*About this exercise:* Retype each line of the material below word for word; pictures stay out.

*Data segment:*
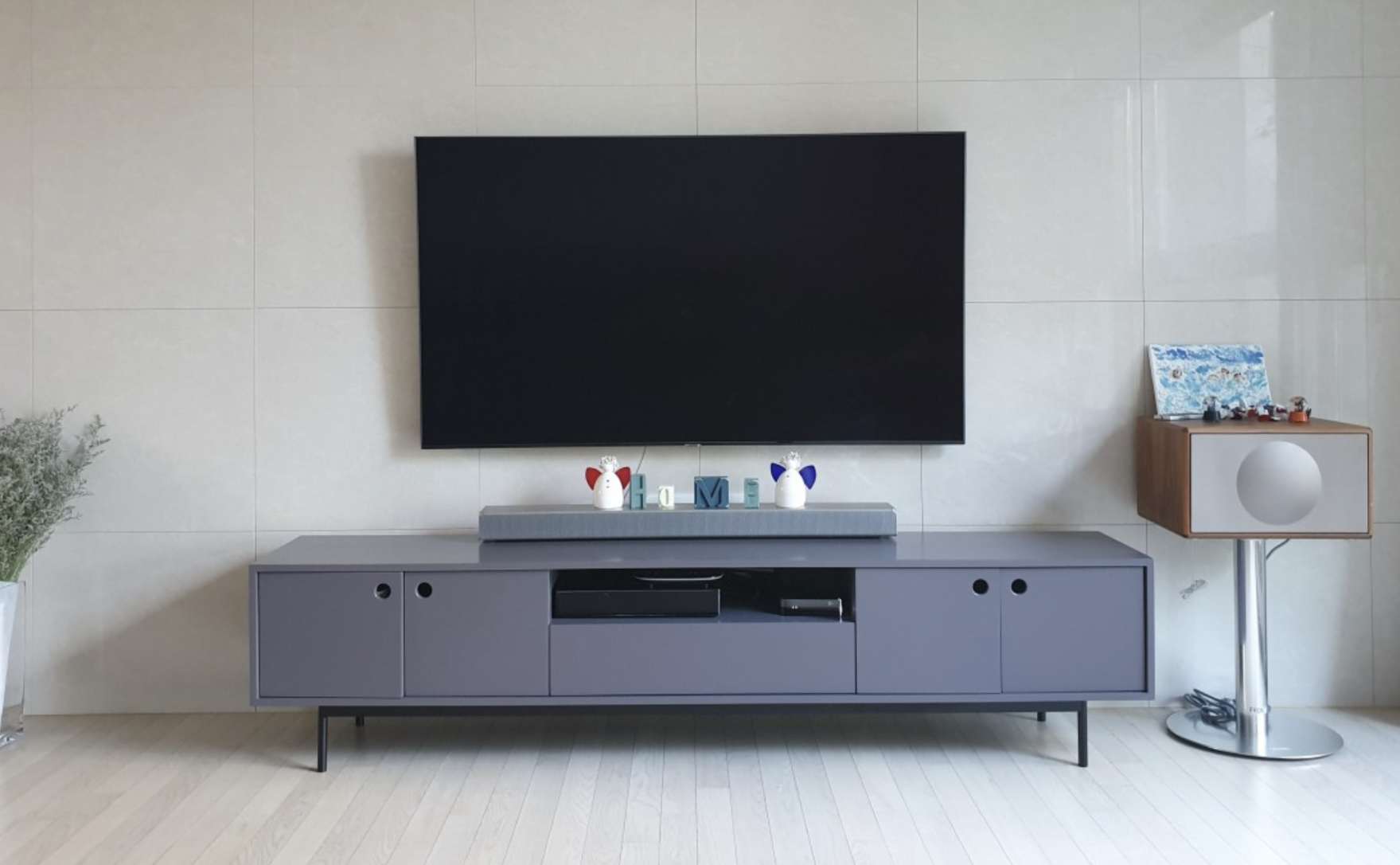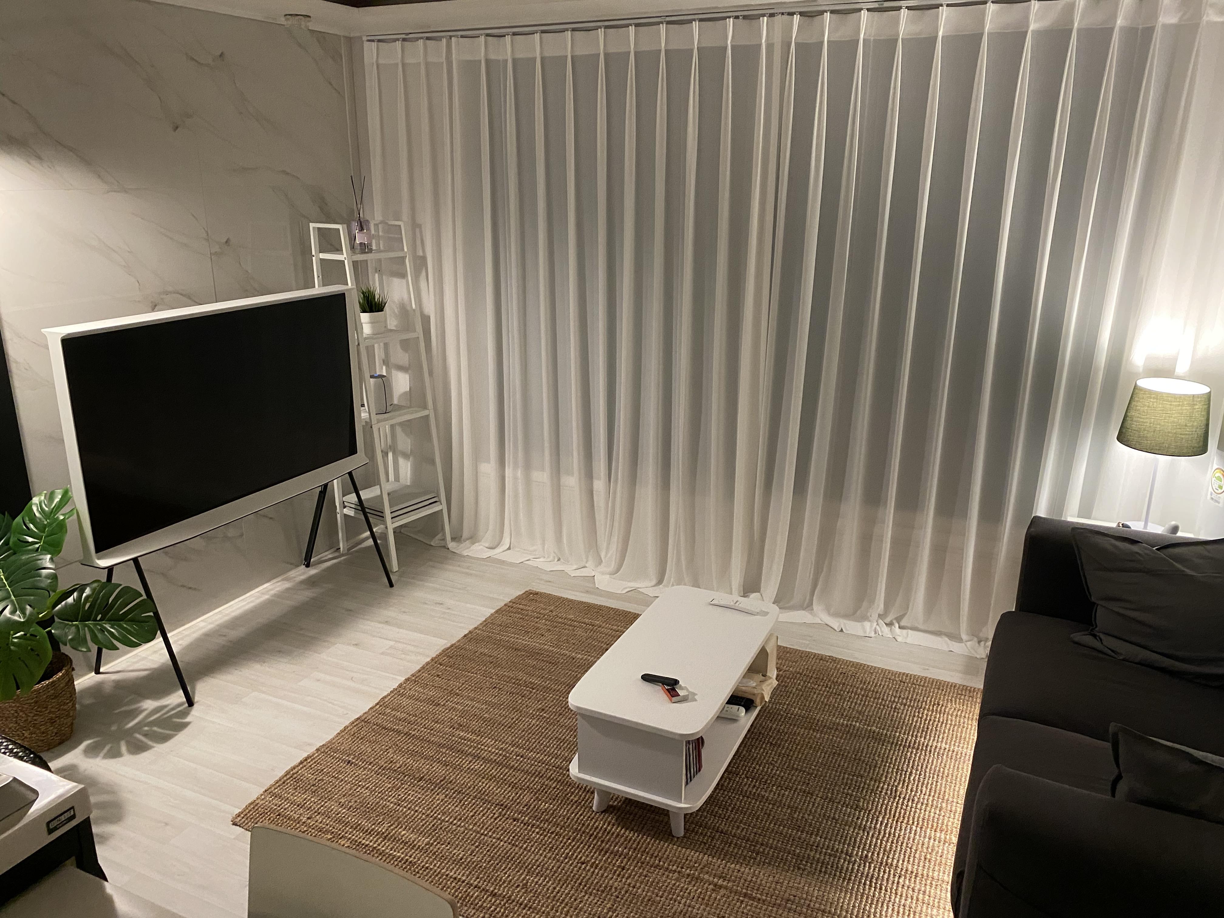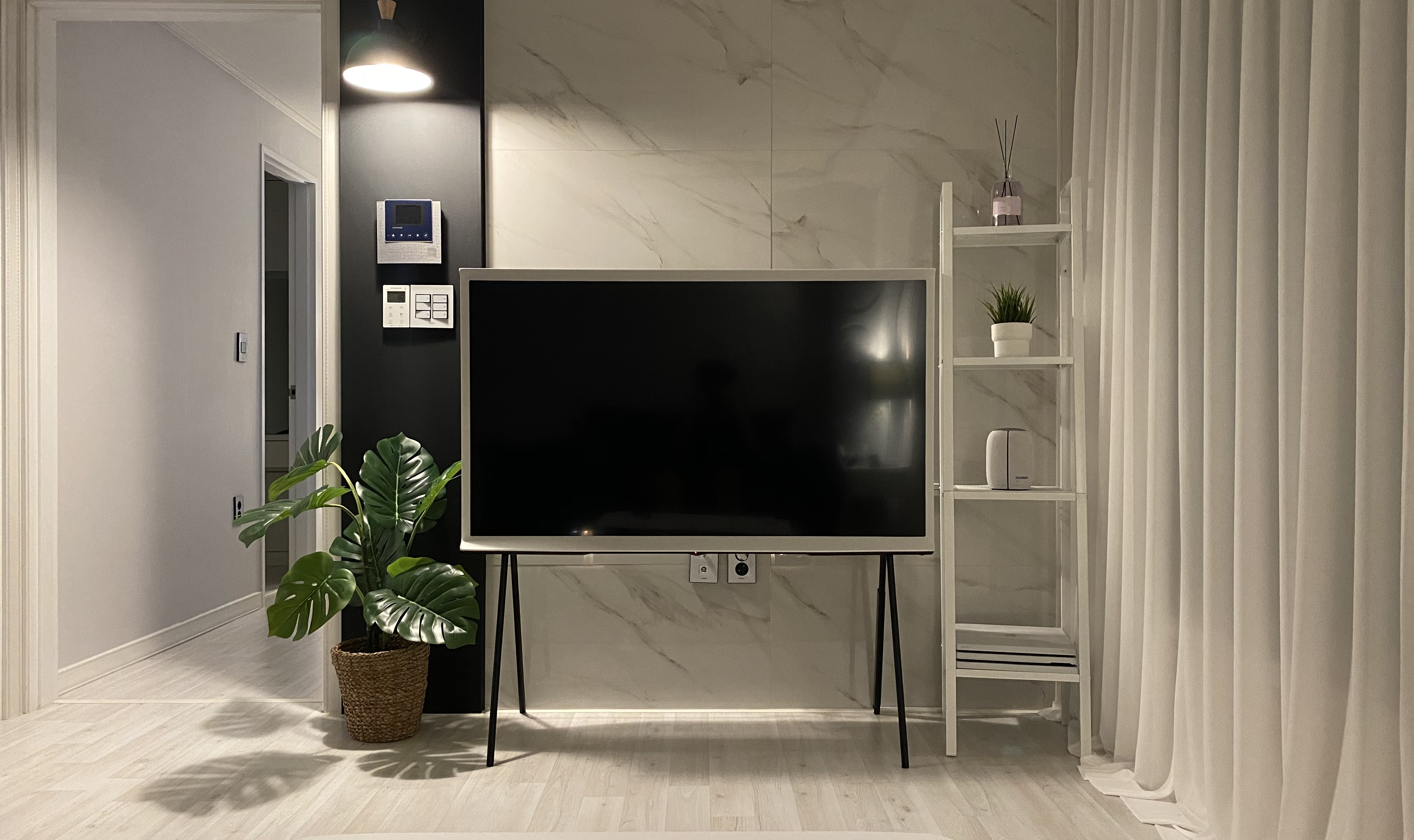 쇼파와 TV는 거실 인테리어에서 가장 큰 비중을 차지한다. 거실 앞, 뒤 벽면에서 가장 큰 면적을 차지하기 때문이다. 보편적인 거실의 TV 인테리어에는 항상 TV장과 검은색 TV가 있다. 벽걸이형 TV를 설치한다 하더라도 셋톱박스, 플스 등의 기기를 설치하기 위해 TV장을 설치하는 경우가 대부분이다. 하지만 세리프 TV를 설치하면 스탠드 때문에 티비장을 설치할 수 없게 되고 이것이 매우 신선한 느낌을 가져다준다. 요즘은 벽걸이 TV 뒤에 각종 기기를 숨겨주는 시공이 있어 꼭 하고 싶었지만, 벽이 대리석이 부착된 가벽이라 대신 티비 오른쪽의 세로형 스탠드를 설치하고 거기에 셋톱박스와 플스를 설치하였다. 또한 모두 화이트톤으로 맞춰 깔끔한 느낌을 주려고 노력했다.
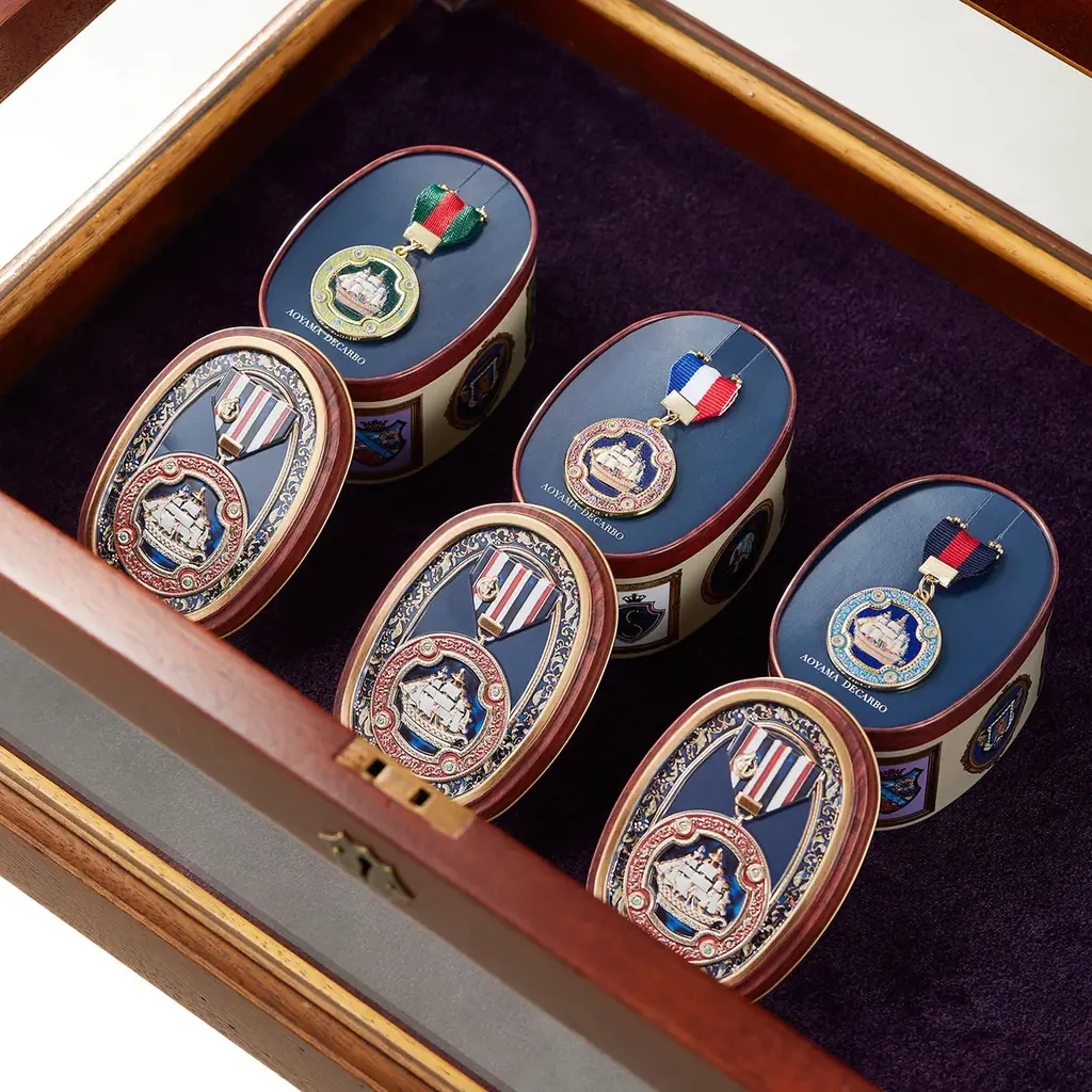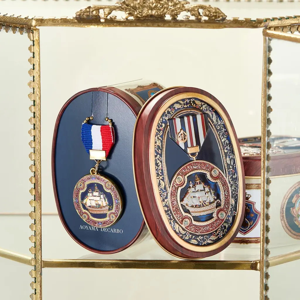 コンセプト 港の記憶を閉じ込めたアンティークメダル缶(帆船・入港盾をモチーフ)
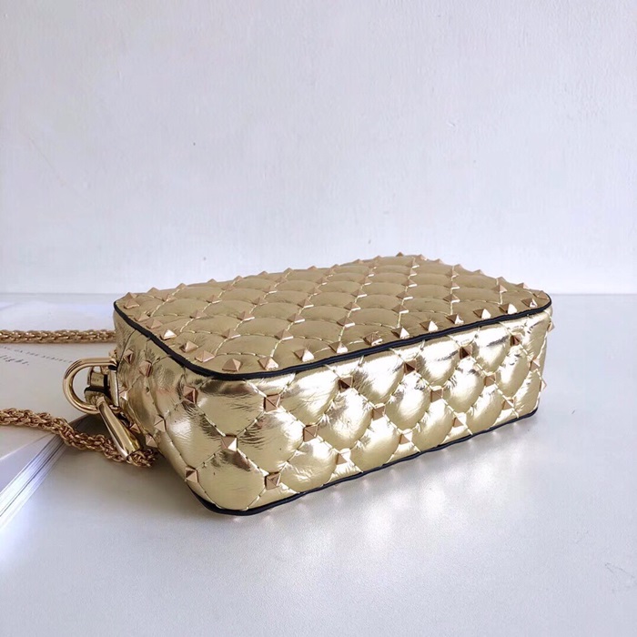 ✨[러블리❤]Valentino 2019 Leather Ruckstud Spike Camera Small Shoudler Bag,18.5CM - 발렌티노 2019 여성용 레더 락스터드 스파이크 카메라 스몰 숄더백 ,VTB0309,18.5CM,옐로우골드 요약정보 및 구매
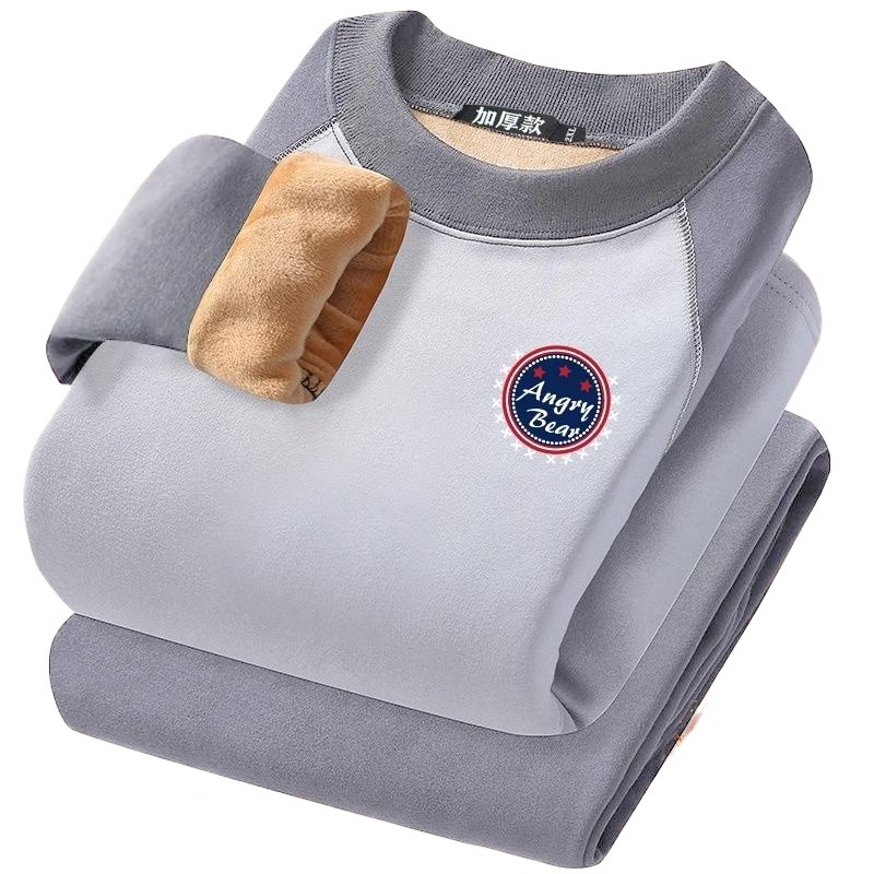 防寒秋衣秋裤 加绒加厚套装 青少年圆领打底衫 保暖内衣冬季 一套 男士

*Output below:*
 쇼파와 TV는 거실 인테리어에서 가장 큰 비중을 차지한다. 거실 앞, 뒤 벽면에서 가장 큰 면적을 차지하기 때문이다. 보편적인 거실의 TV 인테리어에는 항상 TV장과 검은색 TV가 있다. 벽걸이형 TV를 설치한다 하더라도 셋톱박스, 플스 등의 기기를 설치하기 위해 TV장을 설치하는 경우가 대부분이다. 하지만 세리프 TV를 설치하면 스탠드 때문에 티비장을 설치할 수 없게 되고 이것이 매우 신선한 느낌을 가져다준다. 요즘은 벽걸이 TV 뒤에 각종 기기를 숨겨주는 시공이 있어 꼭 하고 싶었지만, 벽이 대리석이 부착된 가벽이라 대신 티비 오른쪽의 세로형 스탠드를 설치하고 거기에 셋톱박스와 플스를 설치하였다. 또한 모두 화이트톤으로 맞춰 깔끔한 느낌을 주려고 노력했다.
 コンセプト 港の記憶を閉じ込めたアンティークメダル缶(帆船・入港盾をモチーフ)
 ✨[러블리❤]Valentino 2019 Leather Ruckstud Spike Camera Small Shoudler Bag,18.5CM - 발렌티노 2019 여성용 레더 락스터드 스파이크 카메라 스몰 숄더백 ,VTB0309,18.5CM,옐로우골드 요약정보 및 구매
 防寒秋衣秋裤 加绒加厚套装 青少年圆领打底衫 保暖内衣冬季 一套 男士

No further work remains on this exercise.